Begin with the line below holding "Osvětlování sportovišť (Jiří" and go on through the line holding "לדאבוננו בשיא פעולותיו", duplicating each line exactly and leaving out pictures.

Collected data entries:
------------------------

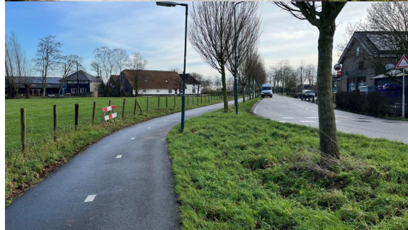
600.50-05-10-001.28 DO , deelgebied Harmelerwaard 1 (Kaart 04)

Vanaf Sportlaan aan de rechter zijde bevindt zich een bestaand fiets pad tot richting de Molenbrug.
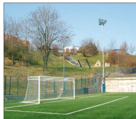
Obr. 4. Osvětlení fotbalové hřiště v Bohunicích bylo možné díky stožárům od Vysto Kobylí

Osvětlování sportovišť (Jiří Hochman): jak lze osvětlovat vnitřní i venkovní sportoviště, aby bylo zajištěno kvalitní osvět-
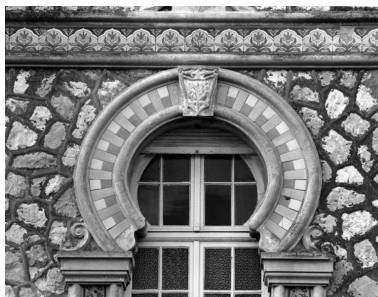
Détail de fenêtre au rez-de- chaussée de la façade latérale droite. IVR31_19816203748X
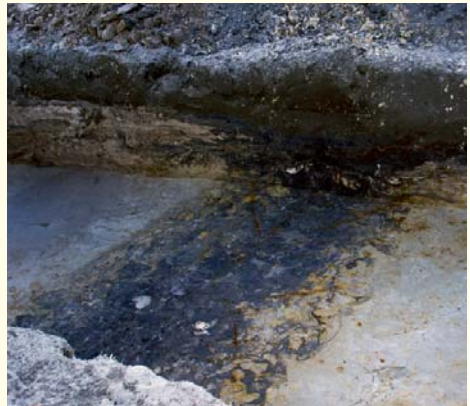
Der angeschnittene Graben im Flächenbefund.
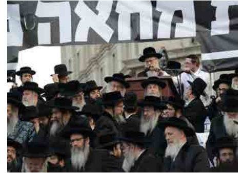
באמירת קבלת עול מלכות שמים בעצרת מחאה ענקית במנהטן נגד הגזירות על הדת בארה"ק

לדאבוננו בשיא פעולותיו כחצי שנה טרם פטירתו התמוטט ושכב על ערש דוי וכל בית
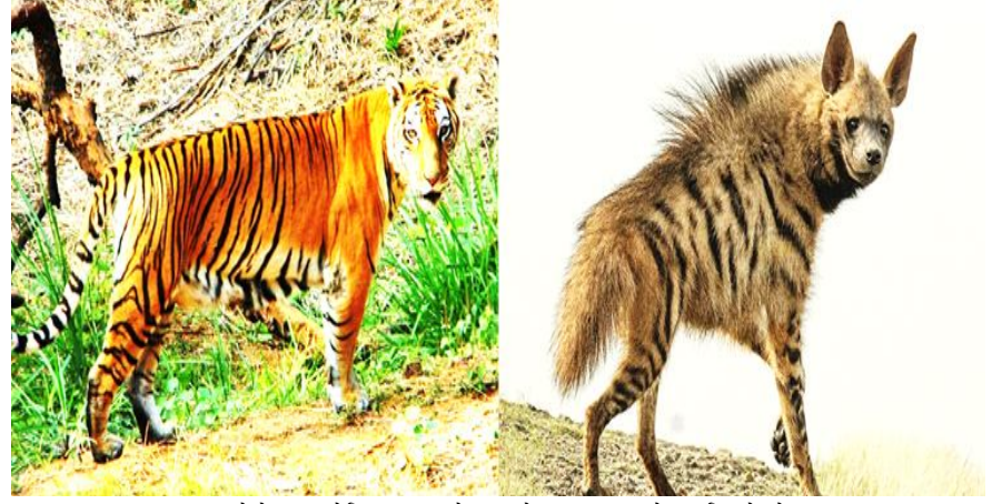
फोटोहरू सांकेतिक हुन् । यो इन्टरनेटबाट डाउनलोड गरिएको हो।

देखिएको जन्तु हुडार हुन सक्ने जिल्ला वन कार्यालयको भनाई
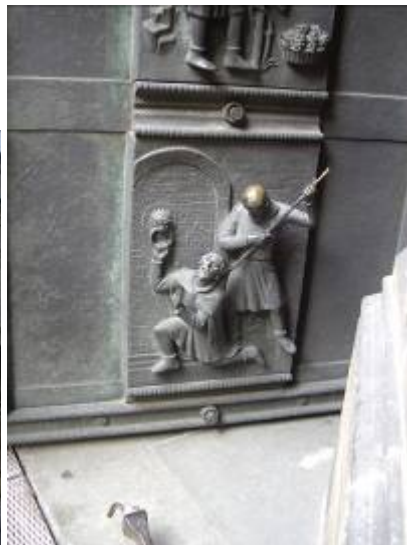
L'entrée du Château... et de la cathédrale.
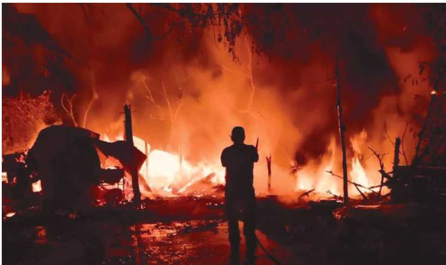
La comuna más afectada por los constantes incendios estructurales y en zonas vegetales es la Seis, que comprende todo el sur de la ciudad de Neiva.

■ Debido a los intensos calores que vivió la ciudad de Neiva en el mes de agosto y el mal actuar de las personas, se causaron alrededor de 33 incendios vegetales y en la zona urbana se reportaron otros 75. La comuna Seis y el corregimiento El Caguán fueron los lugares más afectados.
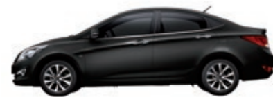
Черный перламутр (MZH)
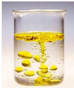
Agua con aceite
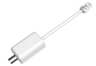
LR1002 Convertisseur ePoE sur coaxial
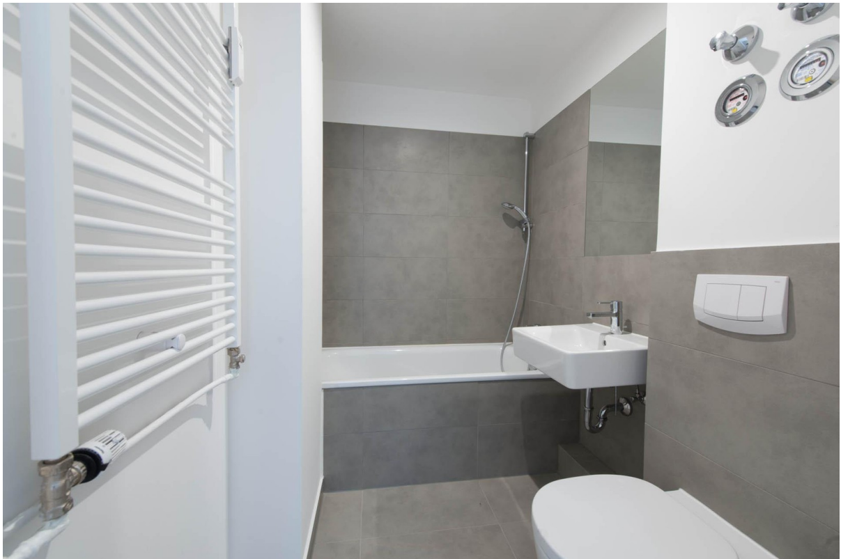
Bad WHG 2.OG
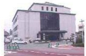
【会場】4階 大会議室 青少年女性センター
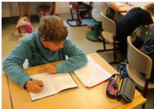
Kulturtechniken Deutsch und Mathematik
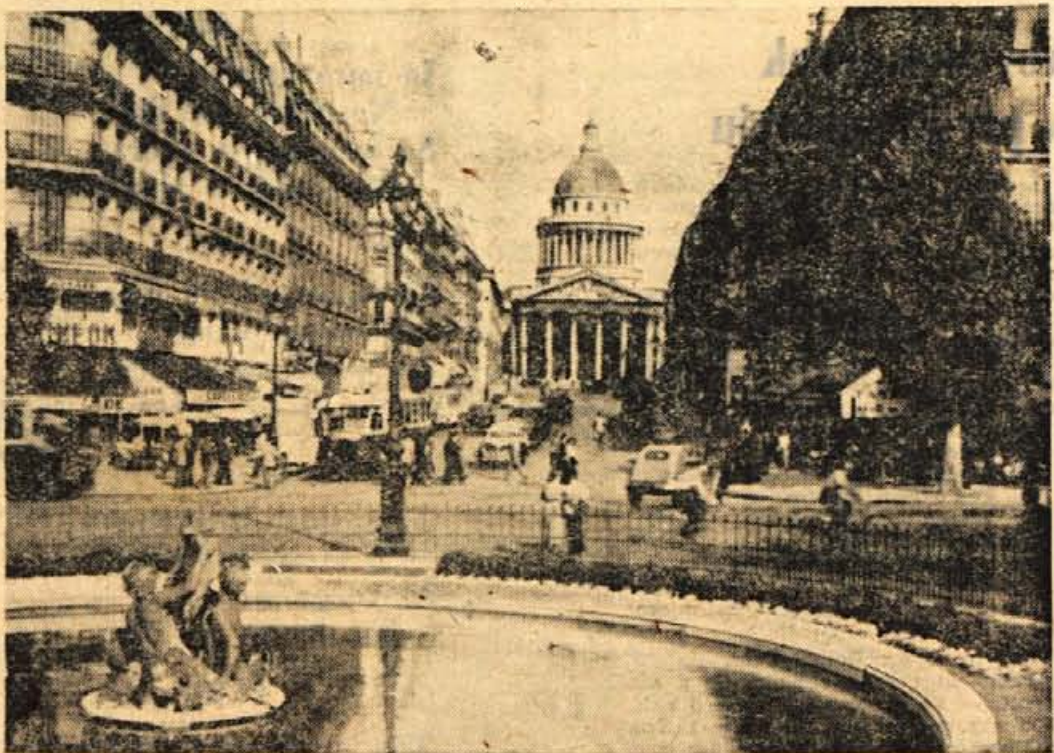
Skupni grob velikih mož Pantheona

Nihče pa ne more razrešiti neke uganke. Se vedno ležita bok ob boku krsti Jeanna-Jacquese Rousseauja in Voltaira, katerega posmrtno ostanke je pripeljalo do Panteona dvanajst belih vrancev. Ta pogreb je veljal 36.868 liber (star francoski kovanec). Toda ali sta oba velika filozofa še vedno tam, kamor so ju položili? Najverjetneje je, da sta njuni krsti prazni. Nekateri zatrjujejo, da roparji niso ajuj pepel razpršili na vse štiri strani sveta, marveč, da so ga spravili v vrečo in to odložili nekje na odprtem polju. Andre Billy dvomi v resničnost njunih po-

------------------------

## Reply
Osvětlování sportovišť (Jiří Hochman): jak lze osvětlovat vnitřní i venkovní sportoviště, aby bylo zajištěno kvalitní osvět-
Détail de fenêtre au rez-de- chaussée de la façade latérale droite. IVR31_19816203748X
Der angeschnittene Graben im Flächenbefund.
באמירת קבלת עול מלכות שמים בעצרת מחאה ענקית במנהטן נגד הגזירות על הדת בארה"ק

לדאבוננו בשיא פעולותיו כחצי שנה טרם פטירתו התמוטט ושכב על ערש דוי וכל בית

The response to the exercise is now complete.